// GETTING STARTED
Quickstart
Go from `pip install` to semantic search, PII masking, and natural-language queries over a Polars DataFrame in about five minutes — all running locally, with no vector database and no data leaving your machine.
Install
pip install "omna[all]"omna[all] pulls in every feature. If you only need some, install the extras you want:
| Install | What you get |
|---|---|
pip install omna | Schema understanding (understand_df) — just polars, numpy, rich |
pip install "omna[embed]" | Local embeddings, search, and filter |
pip install "omna[pii]" | PII detection and masking (pii_report, mask_pii) |
pip install "omna[ask]" | Natural-language queries (ask) — masks rows before the API call |
pip install "omna[all]" | Everything above |
Note: Omna supports Python 3.10–3.12 on macOS or Linux. Windows is not supported. The PII engine runs on Apple Silicon macOS and Linux — it is not available on Intel Macs. Intel-Mac users can still use search, filter, and schema understanding.

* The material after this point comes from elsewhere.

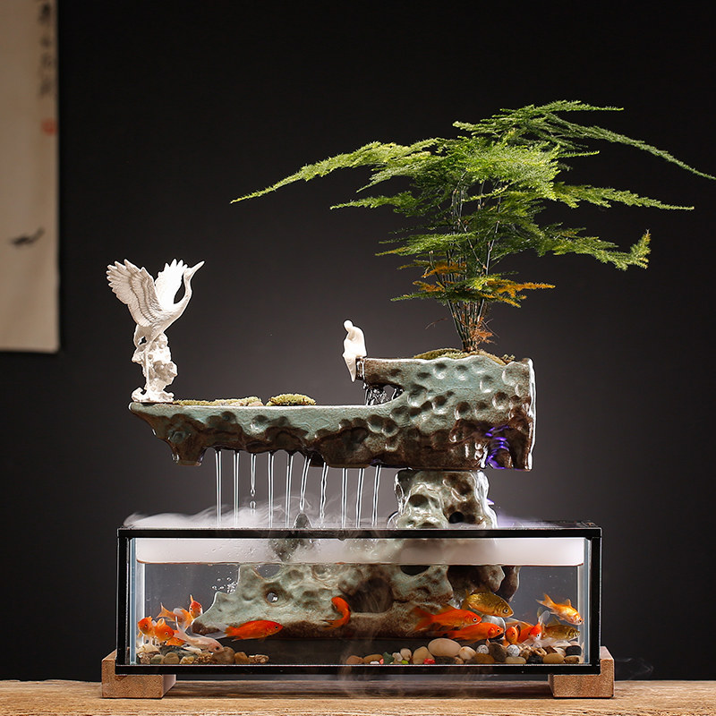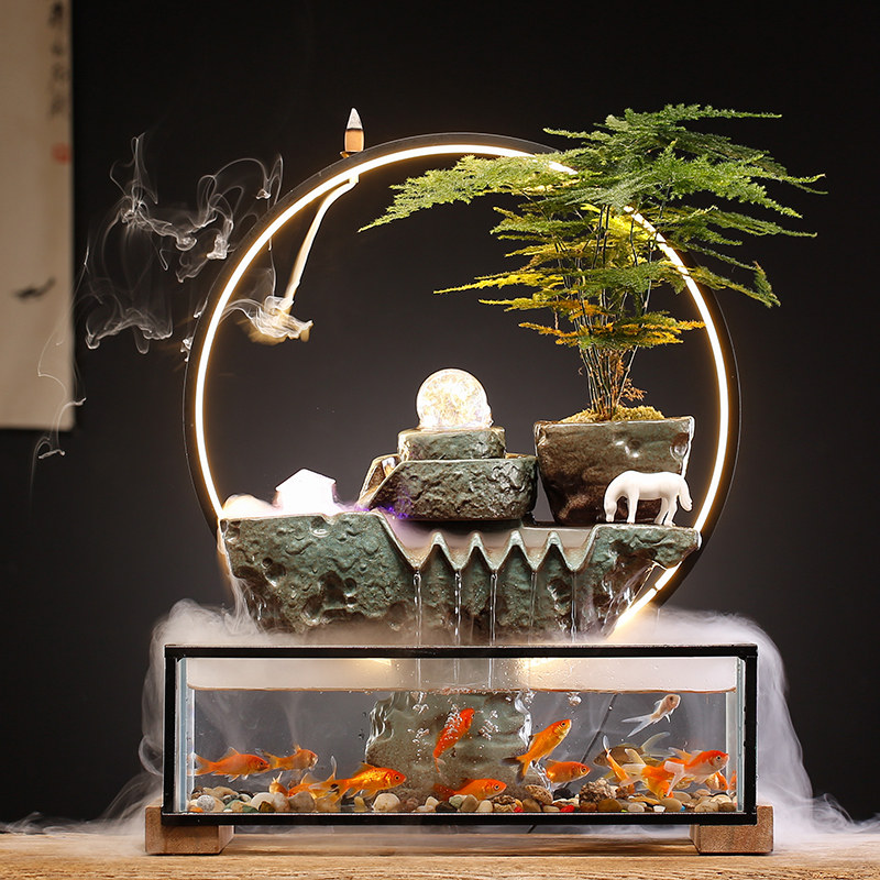 创意流水生财摆件循环水喷泉办公室桌面加湿客厅装饰开业送礼物品

No API key is required for search, filter, embed, pii_report, mask_pii, or understand_df. Only [ask()](/docs/ask) needs an ANTHROPIC_API_KEY.
Your first five minutes
Importing omna registers the .omna namespace on every Polars DataFrame — no other setup needed.
import polars as pl
import omna
df = pl.read_csv("documents.csv")
# 1 — explore the schema (no LLM, no network)
omna.understand_df(df)
# 2 — audit for PII before anything touches the data
df.omna.pii_report()
# 3 — redact PII; an audit log is saved automatically
clean = df.omna.mask_pii()
# 4 — build a search index once
clean.omna.embed("text")
# 5 — search by meaning (semantic + keyword, fused)
results = clean.omna.search("insurance claim denied", on="text", k=5)
# 6 — or take everything above a similarity threshold
flagged = clean.omna.filter("insurance claim denied", on="text", threshold=0.73)
# 7 — ask a question in plain English (needs ANTHROPIC_API_KEY)
results.omna.ask("What personal data do these documents expose?")That is the whole library: understand your data, protect it, index it, and query it — by meaning, not keywords.
Why local-first
- No API key for core features, and no vendor account to manage.
- No data leaves your machine — embedding, search, filter, and PII masking all run in-process on a Rust kernel.
- No per-call cost and no rate limits — process a million rows offline, in CI, or on a plane.